Atkins et al. Immunoablation and autologous haemopoietic stem-cell transplantation for aggressive multiple sclerosis: a multicentre single-group phase 2 trial. Lancet 2016; S0140-6736(16)30169-6.
Background: Strong immunosuppression, including chemotherapy and immune-depleting antibodies followed by autologous haemopoietic stem-cell transplantation (aHSCT), has been used to treat patients with multiple sclerosis, improving control of relapsing disease. We addressed whether near-complete immunoablation followed by immune cell depleted aHSCT would result in long-term control of multiple sclerosis.
Methods: We did this phase 2 single-arm trial at three hospitals in Canada. We enrolled patients with multiple sclerosis, aged 18–50 years with poor prognosis, ongoing disease activity, and an Expanded Disability Status Scale of 3·0–6·0. Autologous CD34 selected haemopoietic stem-cell grafts were collected after mobilisation with cyclophosphamide and filgrastim.

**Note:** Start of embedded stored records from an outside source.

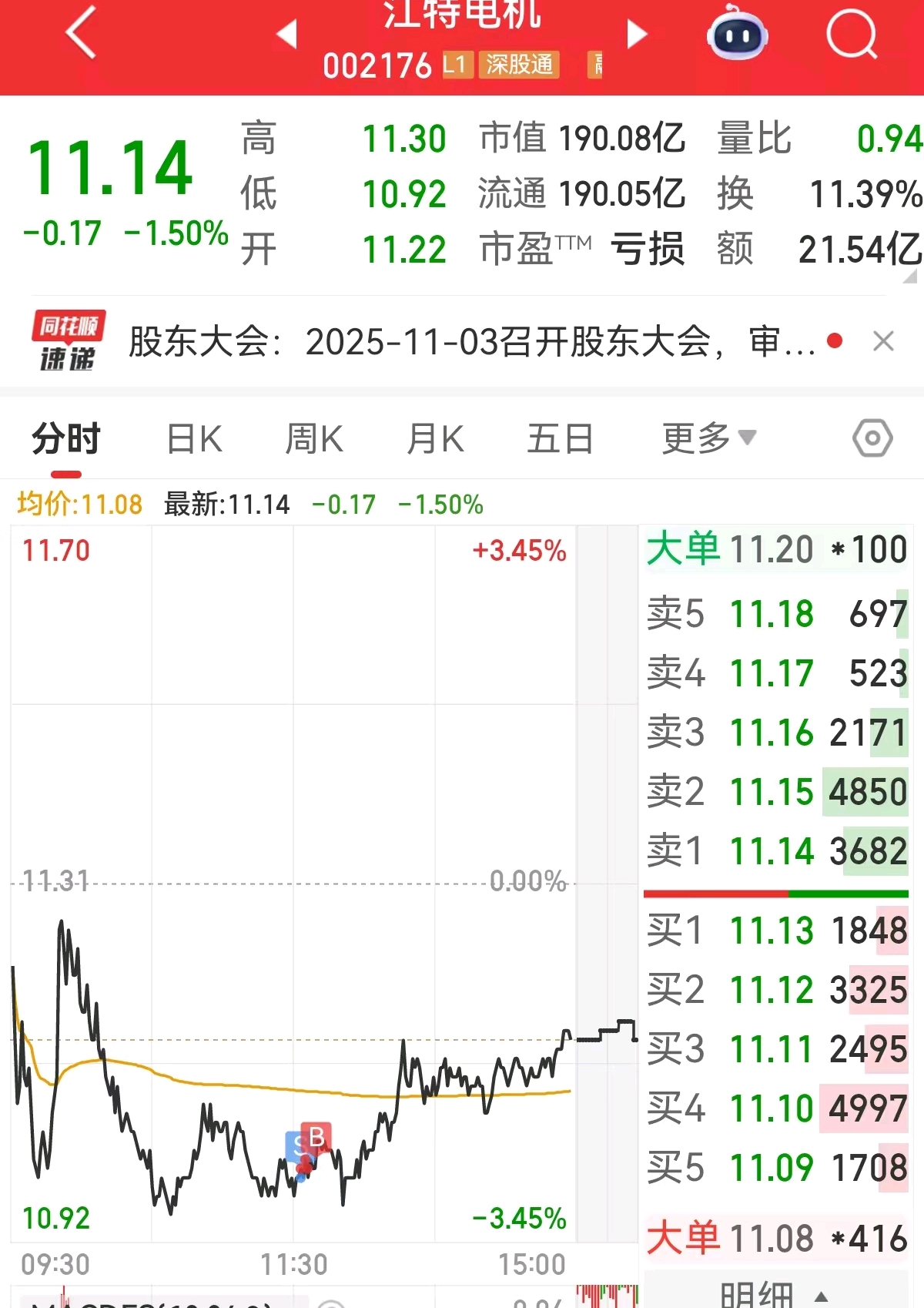 $江特电机(SZ002176)$ 回调缩量,补仓继续等待,只要不是放量大跌就可以!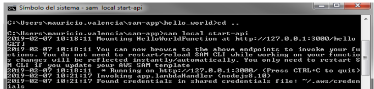 Volvemos a la carpeta sam-app y ejecutamos el comando sam local start-api para iniciar la función la cual correrá en un servidor local.
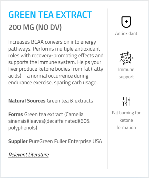 - Green Tea Extract (Camellia sinensis) (leaf) (60% polyphenols) (decaffeinated) – 200 mg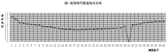 輪西燃?xì)夤艿烙捎诜栏瘜永匣瘜?dǎo)致陰保站中間陰極保護(hù)電位未達(dá)標(biāo)準(zhǔn),見圖1。 2011年12月油氣運(yùn)銷部對該管道使用ACVG法進(jìn)行防腐層破損點(diǎn)檢測,共計(jì)發(fā)現(xiàn)破損點(diǎn)1288處。其中嚴(yán)重漏點(diǎn)11處、中度漏點(diǎn)164處、輕度漏點(diǎn)1113處,防腐層評級(jí)為劣,導(dǎo)致上調(diào)管道兩端恒電位儀輸出,管道陰保站中間部分“欠保護(hù)”一直存在。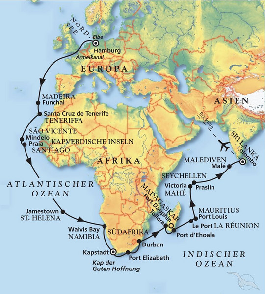 Kreuzfahrt mit MS Artania: ART436 Rund um Afrika zu den Inseln des Indischen Ozeans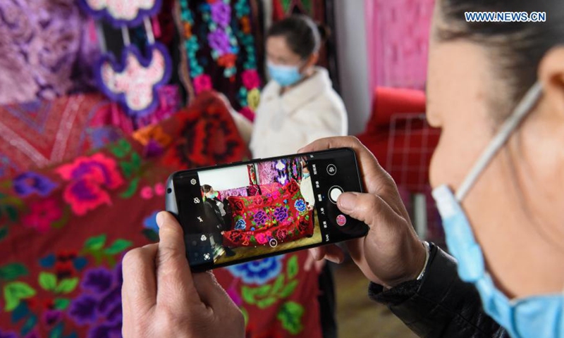 An artisan takes photos of a customized Kazakh embroidery for a client at a village cooperative in Baiquan Village, Jimsar County, Changji Hui Autonomous Prefecture, northwest China's Xinjiang Uygur Autonomous Region, Jan. 23, 2021. Production of the Kazakh embroidery, a national intangible cultural heritage, has helped female members of the village cooperative increase income. (Xinhua/Ding Lei)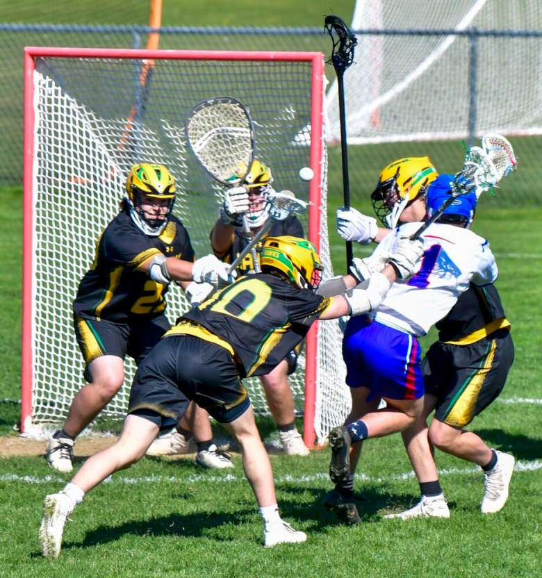 Oak Hill/Monmouth/Lisbon’s Adam Hill shoots through a crowd of Maranacook/Winthrop/SPruce Mountain defenders during a lacrosse game Tuesday at Stacen Doucette Memorial Field in Wales. Joe Phelan/Kennebec Journal

Immunoablation with busulfan, cyclophosphamide, and rabbit anti-thymocyte globulin was followed by aHSCT. The primary outcome was multiple sclerosis activity-free survival (events were clinical relapse, appearance of a new or Gd-enhancing lesion on MRI, and sustained progression of Expanded Disability Status Scale score). This study was registered at ClinicalTrials.gov, NCT01099930.
Findings: Between diagnosis and aHSCT, 24 patients had 167 clinical relapses over 140 patient-years with 188 Gd-enhancing lesions on 48 pre-aHSCT MRI scans. Median follow-up was 6·7 years (range 3·9–12·7). The primary outcome, multiple sclerosis activity-free survival at 3 years after transplantation was 69·6% (95% CI 46·6–84·2). With up to 13 years of follow-up after aHSCT, no relapses occurred and no Gd enhancing lesions or new T2 lesions were seen on 314 MRI sequential scans. The rate of brain atrophy decreased to that expected for healthy controls. One of 24 patients died of transplantation-related complications. 35% of patients had a sustained improvement in their Expanded Disability Status Scale score.
Interpretation: We describe the first treatment to fully halt all detectable CNS inflammatory activity in patients with multiple sclerosis for a prolonged period in the absence of any ongoing disease-modifying drugs. Furthermore, many of the patients had substantial recovery of neurological function despite their disease's aggressive nature.
Funding: Multiple Sclerosis Scientific Research Foundation.